Steepest grade of the trip.  The trees are really stunted.  It was hard to get a level picture trying to stand upright, and the car being on an angle.






Nearing the summit.  Stone cairns marking the trail.  Not a tree in sight.





The Tip Top house. 






This is an idea of the slope going downhill at Jacob's ladder.  These people were standing upright.  






The weather was partly cloudy with a haze in the distance.  The summit clouded in after we left and visibility was no more than a few hundred feet.  It was a great trip and I would really recommend it.  The brakemen told stories and the history of the railway to make it an excellent experience.


----------



## peakbagger (Aug 28, 2013)

Its just a couple of miles from my house. The biodiesel is made locally with leftover cooking oil. They have made a lot of friends since they have switched most of the trips to biodiesel. If the conditions were right, folks taking the steam trip would come down smelling of sulfur with soot all over them. You missed out on a tradition that used to occur where AT hikers used to "moon" the cog.

They are also cleaning up the railroads ties that they used to just throw down on the ground.

I prefer hiking up myself but definitely see the attraction and given that trip over the autoroad I would take the cog.


----------



## Bster13 (Aug 28, 2013)

Good times!


----------



## RED FRONTIER (Aug 28, 2013)

Hiked up Washington may times before kids.  Was thinking about the Cog as a way to introduce them.  Nice about the Bio fuel. You could smell the cog before you could see it.


----------



## jharkin (Aug 28, 2013)

Great pictures, thanks. We always wanted to do this but the one time we made it up there a few years ago during train season the wait was 3-4 hours and we gave up.

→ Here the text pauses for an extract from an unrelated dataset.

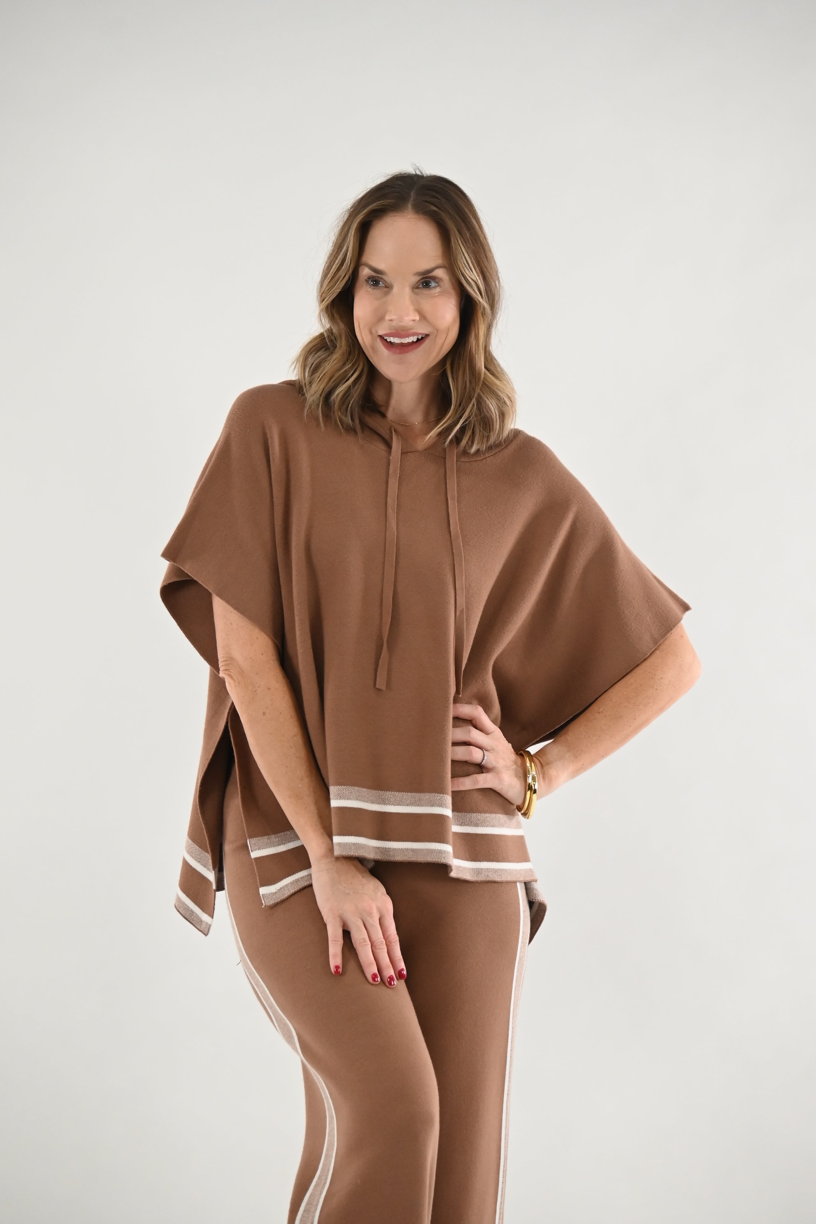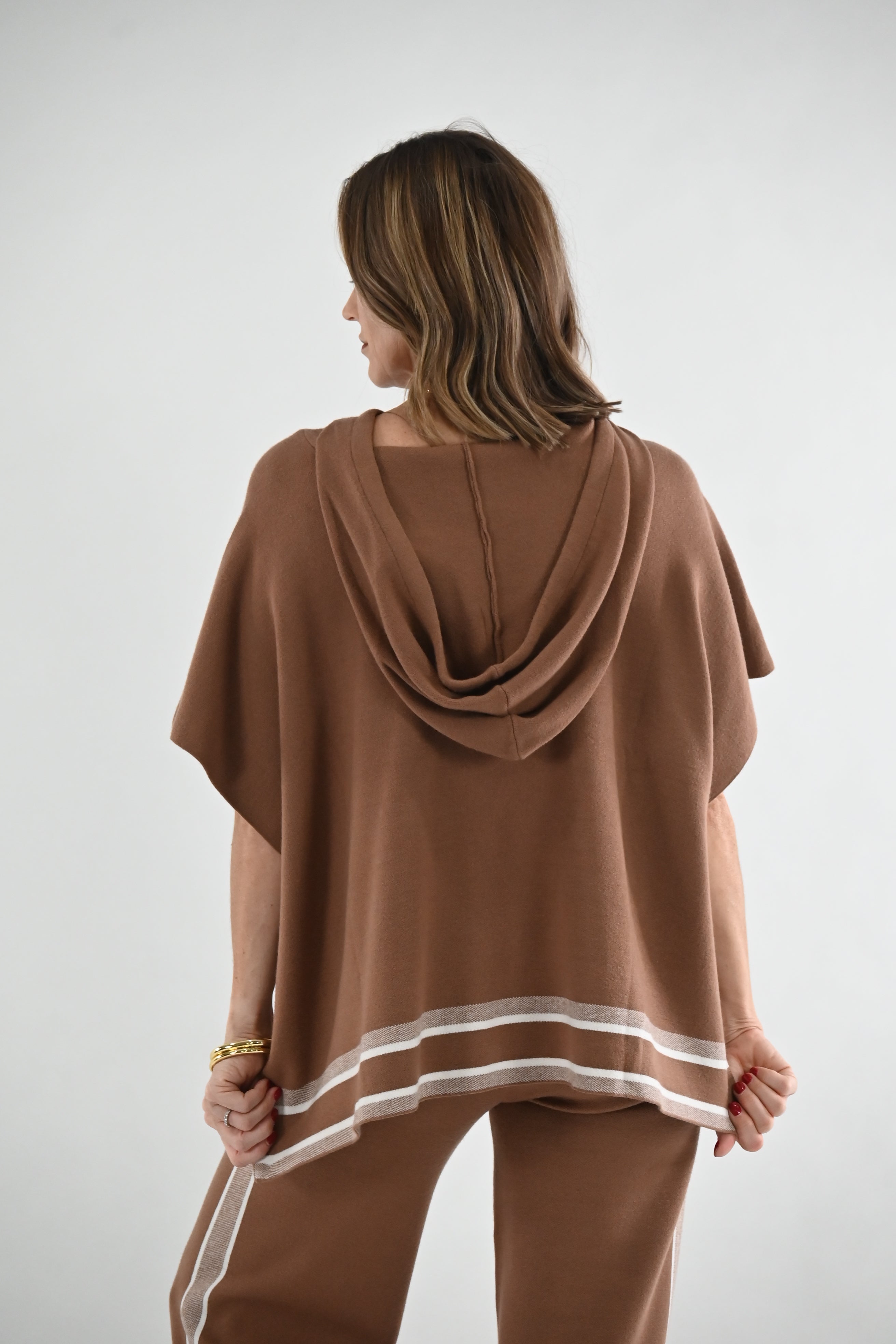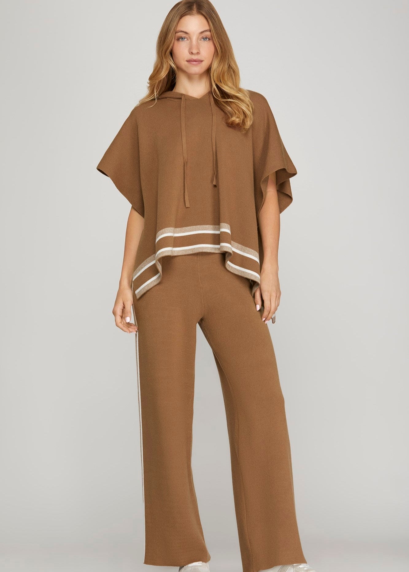 This RUNNING ERRANDS HOODED SWEATER TOP features a loose-fit with side openings secured with snap closures and a stylish striped hem. For a coordinated outfit, wear it with the matching pants and elevate your casual style effortlessly.

I know its a huge polluter but Id just have to do the steam train. Love the old steam trains. I wonder if they can convert the steamer to an oil fired burner and run that on veggie oil also?


----------



## Backwoods Savage (Aug 28, 2013)

Thanks for posting the pictures Jon. My wife and I considered going there the last time we were at Woodstock. Maybe the next time...


----------



## fishingpol (Aug 28, 2013)

peakbagger said:


> Its just a couple of miles from my house. The biodiesel is made locally with leftover cooking oil. They have made a lot of friends since they have switched most of the trips to biodiesel. If the conditions were right, folks taking the steam trip would come down smelling of sulfur with soot all over them. You missed out on a tradition that used to occur where AT hikers used to "moon" the cog.
> 
> They are also cleaning up the railroads ties that they used to just throw down on the ground.
> 
> I prefer hiking up myself but definitely see the attraction and given that trip over the autoroad I would take the cog.


 
Beautiful country up there Peakbagger.  The slope looked pretty cleaned up, just soot and cinders from what I could see.  We discussed hiking up sometime.  There is a trail at the base station and there was mention that it was a two hour hike.  Does that sound right?


----------



## fishingpol (Aug 28, 2013)

RED FRONTIER said:


> Hiked up Washington may times before kids. Was thinking about the Cog as a way to introduce them. Nice about the Bio fuel. You could smell the cog before you could see it.


 
For bio-diesel, it had little smell from the exhaust.  The engines were actually not that loud, quieter than I expected.


----------



## fishingpol (Aug 28, 2013)

Jeremy, we booked on-line and yes it was a crap shoot.  We looked at the 10 day forecast and had a stretch of good weather and decided to take a chance.  Our kids are at the age where they could appreciate going up. 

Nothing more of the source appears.